First, we convert the image to RGB and process it with the prompt using pretrained_processor, ensuring compatibility with the model.

Next, we generate predictions using pretrained_model.generate, limiting the response to 100 tokens.

We decode the output into a human-readable format using pretrained_processor.decode, excluding special tokens.

Then, we extract bounding box coordinates and labels using the parse_multiple_locations() function defined above.

If objects are detected, we use draw_multiple_bounding_boxes() to overlay bounding boxes and labels on the image.

We format the extracted labels and bounding box coordinates for easy readability.

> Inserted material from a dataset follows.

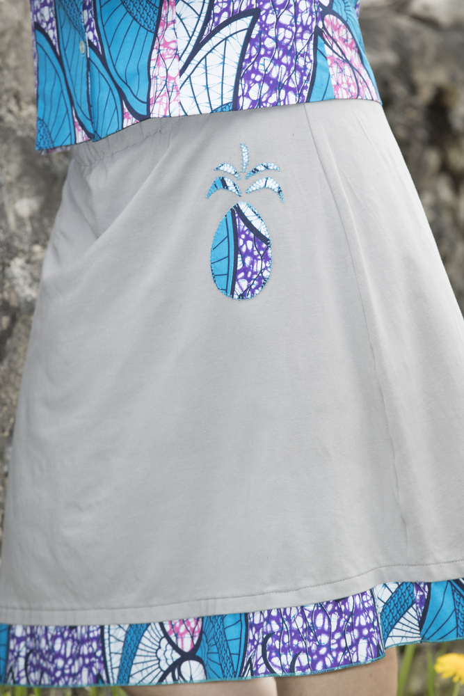 Avec cette jupe, le dépaysement et l’exotisme s’invite par petites touches dans votre quotidien, grâce à sa belle étoffe tout droit ramenées d’Afrique, via des voyages et des trésors ramenés. Elle fait partie de la collection Voyage, Voyage, qui traduit une envie de s’évader, de voyager, de découvrir.

Finally, we return the annotated image, and extracted bounding boxes and labels for further analysis.

If no bounding boxes are detected, we return a message saying No bounding boxes detected.

If an error occurs, we handle it gracefully, ensuring the function returns a consistent output format.

Example 1

Let’s see the first inference output with the pre-trained PaliGemma 2 model.

Display Test Image and Label

# Get the first example from the test dataset
test_example = brain_tumor_od_paligemma_ds["test"][0]

# Extract the image and objects
test_image = test_example["image"]
categories_idx = test_example["objects"]["label"]  # List of label indices
label_names = ['no', 'yes']  # Example label names

# Display the image
display(test_image)

# Display the category names for each object in the image
for idx in categories_idx:
   label_name = label_names[int(idx)]  # Map the index to the label name
   print(f"Label: {label_name}")

Previously, we have displayed the train image and label. Now, we display the test image and label similarly.

In Figure 8, we can see the test image and the label indicating there is no brain tumor.

Figure 8: A sample test image and label (source: image from the code)

Ground Truth

Before evaluating the pre-trained model, we first examine the ground truth bounding boxes and labels from the dataset. This helps us visually verify the dataset annotations and compare them later with the model’s predictions.

test_coords_and_labels = brain_tumor_od_paligemma_ds["test"][0]["paligemma_labels"]

First, we extract the ground truth paligemma_labels from the test dataset.

coords_and_labels = parse_multiple_locations(test_coords_and_labels)
coords_and_labels

Next, we parse these labels to retrieve the bounding box coordinates and their corresponding class labels.

To ensure that the extracted information is correct, we print coords_and_labels. This should return a list of bounding box coordinates along with their label, as shown in Figure 9.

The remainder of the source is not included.